The last thing i would want to clarify is why when i connect via Putty to root@127.0.0.1 p 2222 in windows and do a "dir" command, i see different folders as to when i do a DIR in virtualbox terminal??

avatar

@Arsalan Siddiqi , Sorry you're having difficulties. It's pretty hard to debug access problems remotely, as you know, but let's see what we can do.

Let me clarify a couple things: Is it correct that you are able to use:

ssh root@127.0.0.1 -p 2222

to connect over ssh in putty, but when you use:

scp -P 2222 mylocalfile.txt root@127.0.0.1:/root/

it rejects the connection?

  1. Are you using all the parts in the above statement?
    • The port: "-P 2222" (capital P, not lower case as with ssh).
    • The root user id "root@"
    • The colon after the IP address "127.0.0.1:"
    • The destination directory (/root/ in the example above, but you can use any absolute directory path)
  2. If you've been using "localhost" as in the tutorial, try "127.0.0.1" instead.
  3. If you've been cut-and-pasting the command line, try typing it instead. The "-" symbol often doesn't cut-and-paste correctly, because formatted text may use character "m-dash" or "n-dash" instead of "hyphen". It is much safer to type it than to paste it.
You are using Windows, correct? I'm a little confused about how you're connecting through Putty, as I remember Putty wanting the connection info in a dialogue box before the connection, whereas on a Mac or Linux box, the terminal application just opens a terminal on the box itself, and you then FURTHER connect via typing the ssh command.
  1. So, did you actually configure Putty with the "ssh" request, the port number, and the user and host info, in a dialogue box rather than typing an ssh command line? And did that work correctly?
  2. Assuming the answer to the above is "yes" and "yes", the next question is: Where are you typing the "scp" command? You can't type it into the Putty connection with the VM, that won't work. The scp command line is meant to be sent to your native box.
  3. Does Putty have a file transfer dialogue box that can use scp protocol? Is that what you're trying to use? Or have you downloaded the "pscp.exe" file from putty.org, and are using that? See http://www.it.cornell.edu/services/managed_servers/howto/file_transfer/fileputty.cfm The full docs for Putty PSCP are at https://the.earth.li/~sgtatham/putty/0.67/htmldoc/Chapter5.html#pscp-usage and shows that pscp also takes a capital "-P" to specify the port number.

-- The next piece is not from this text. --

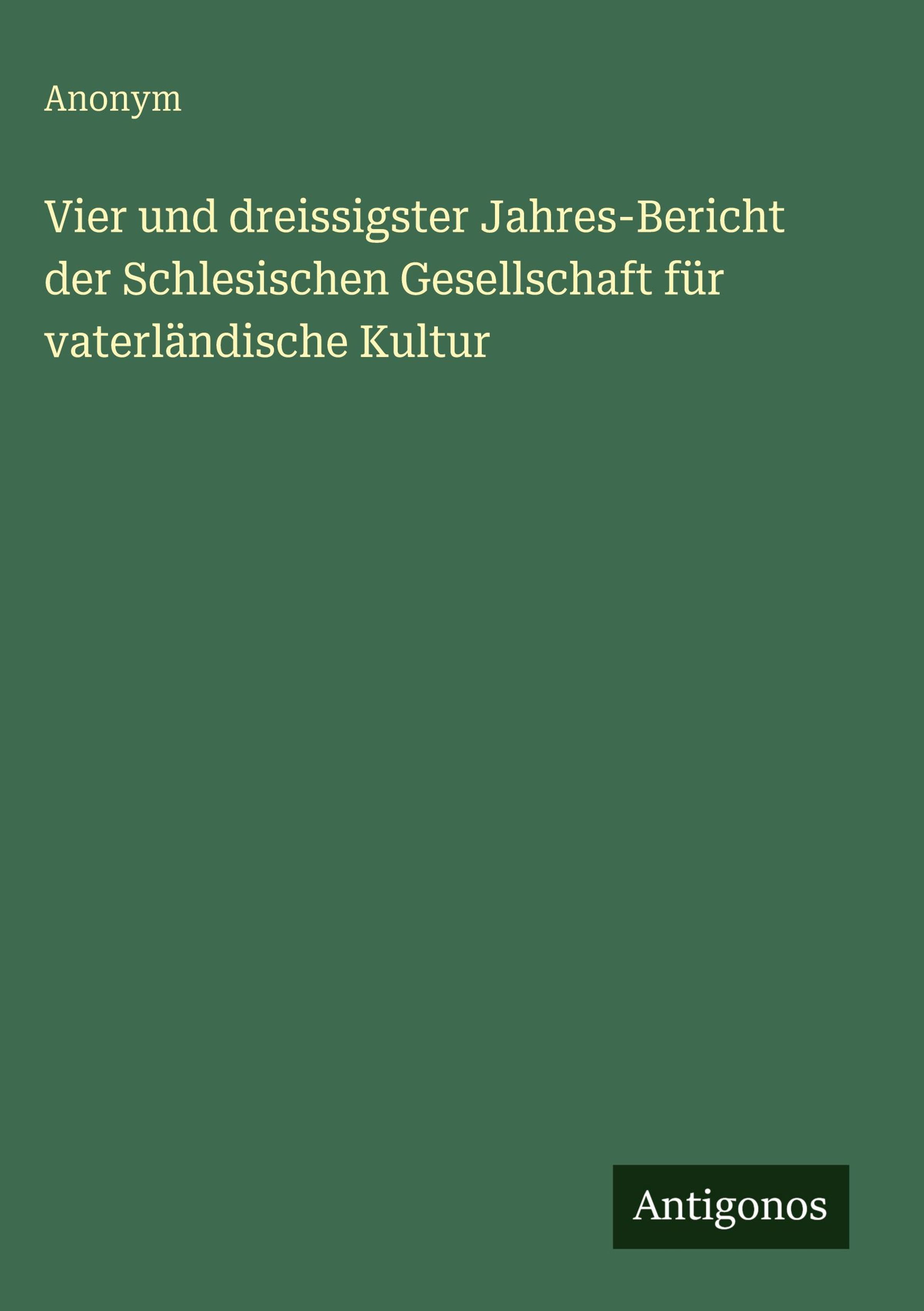 Anonym: Vier und dreissigster Jahres-Bericht der Schlesischen Gesellschaft für vaterländische Kultur, Gebunden

Worst case, if you can't get any of these working, you've already established the Virtualbox connection for the VM. WIth some effort you can figure out how to configure a shared folder with your host machine, and use it to pass files back and forth.

avatar
Expert Contributor

Thanks again.....

So you can see in the pictures below... i used putty... then ssh via the sandbox terminal.... i got the file transfer part working using PSCP....

10369-01.png

10370-02.png

10381-03.png

avatar

Hi @Arsalan Siddiqi , yes, this is what I expected for Putty. By using the Putty configuration dialogue as shown in your screenshot, you ALREADY have an ssh connection to the guest VM, so typing `ssh` in the Putty terminal window is unnecessary and `scp` won't work -- instead of asking the host OS to talk to the guest OS, you would be asking the guest OS to talk to itself!

I'm glad `pscp` (in a cmd window) worked for you -- and thanks for accepting the answer.

Your last question, "why when i connect via Putty to root@127.0.0.1 p 2222 in windows and do a "dir" command, i see different folders as to when i do a DIR in virtualbox terminal??" is a puzzler. I would suggest, in each window (Putty terminal and Virtualbox terminal), you type the linux command `pwd`, which stands for "print working directory". It may be that the filesystem location you are ending up at login in the two tools is different. Also you can try the linux `ls` command.

avatar
Guru

@Arsalan Siddiqi Can you post screenshots of the virtual box network settings (specifically, adapter 1 and adapter 2), and also the output of ifconfig?